The EECS is a forum in which all EU/EEA national supervisors of financial information, whether CESR members or not, meet to share the reasons underpinning their accounting enforcement decisions, canvas members’ views on issues currently being dealt with and to identify issues which do not appear to be covered by financial reporting standards or which may be affected by conflicting interpretations for referral to standard setting or interpretive bodies such as the IASB or IFRIC.

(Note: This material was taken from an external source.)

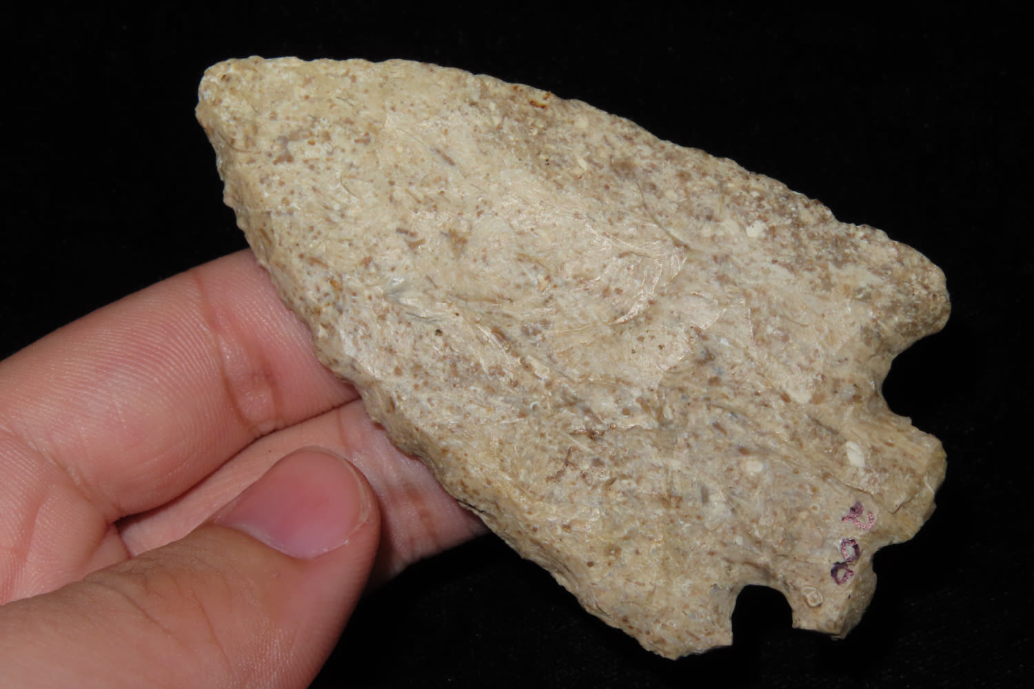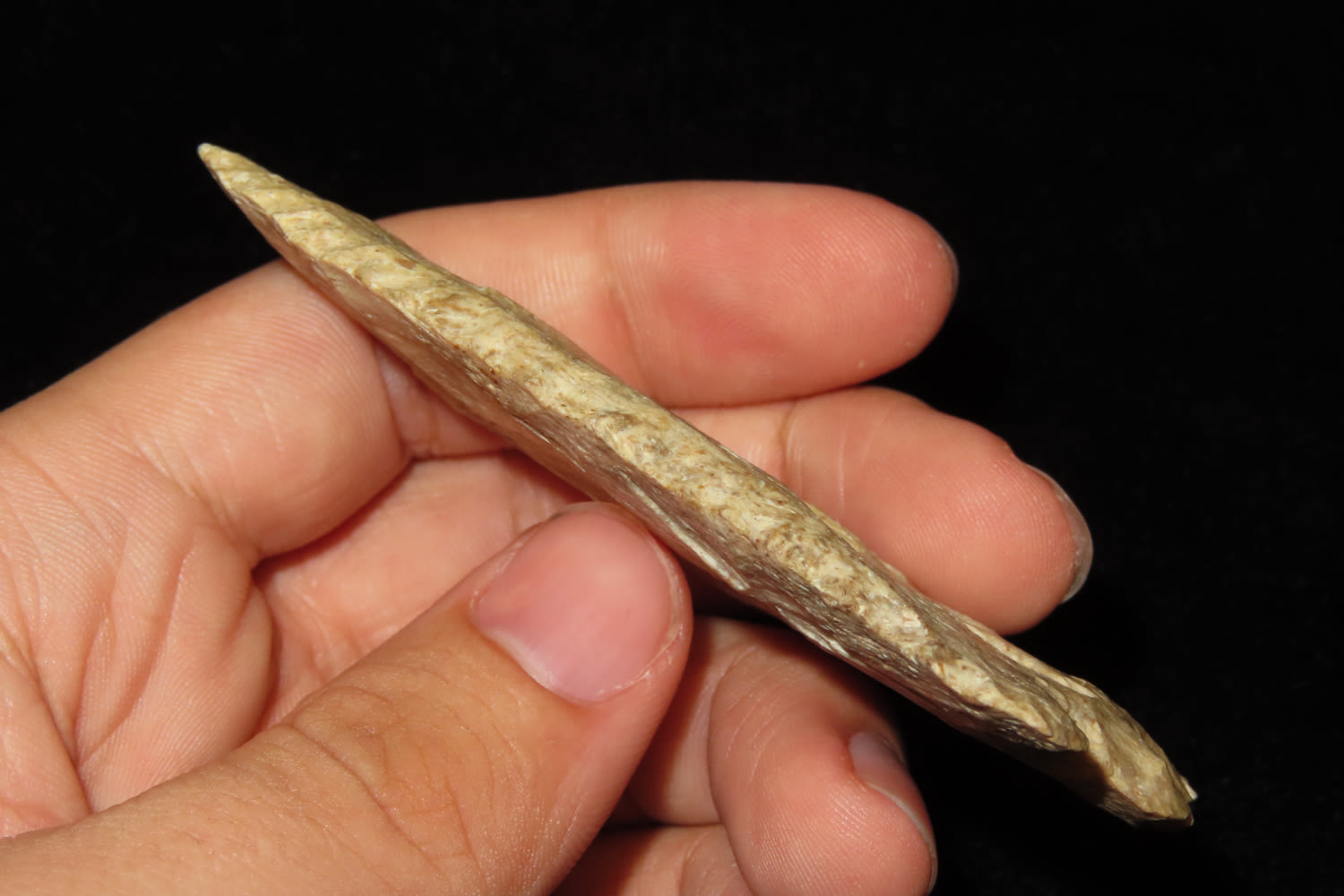 3 1/2″ Bifurcated Kirk Point Made of Harrodsburg Chert Found In Linton Indiana by Don Collision in the 1960’s Greene Co Indiana

CESR has developed a confidential database of enforcement decisions taken by individual EU national supervisors as a source of information to foster appropriate application of IFRS. All decisions submitted to the this database are considered as appropriate for publication, unless:
- Similar decisions have already been published by CESR, and publication of a new one would not add any substantial value to the fostering of consistent application;
- The decision deals with a simple accounting issue that, even having been considered a material infringement, does not in itself have any accounting merit;
- There is no consensus in the EECS to support the submitted decision.
- A particular EU National Enforcer, on a grounded and justified basis, believes that the decision should not be published;
In response to concerns about confidentiality and privacy laws, which vary between EU jurisdictions, extracts do not, usually, include the name of the issuer or the enforcer or any other details that would enable the issuer or its jurisdiction to be identified.
The Irish Auditing and Accounting Supervisory Authority (IAASA) is a member of the EECS and the Head of Financial Reporting Supervision is also a member of the EECS’ Agenda Group. Accordingly, in addition to contributing to the Group’s plenary meetings, IAASA has a direct input to, and involvement in:
- the review of emerging cases and decisions as tabled by Member States’ enforcement authorities with a view to assessing those which should be afforded priority for consideration and discussion at the plenary; and
- the review of enforcement decisions taken by EU accounting enforcers with a view to determining whether they should be published.
Note: In some EU jurisdictions national supervisors may provide an opinion on a particular accounting issue before an issuer’s accounts have been finalised and published. This is not the case in Ireland. These “pre-clearance” decisions are made on the basis of information and assumptions supplied by an issuer to the relevant national enforcer. Pre-clearance decisions are identified as such in the CESR publication.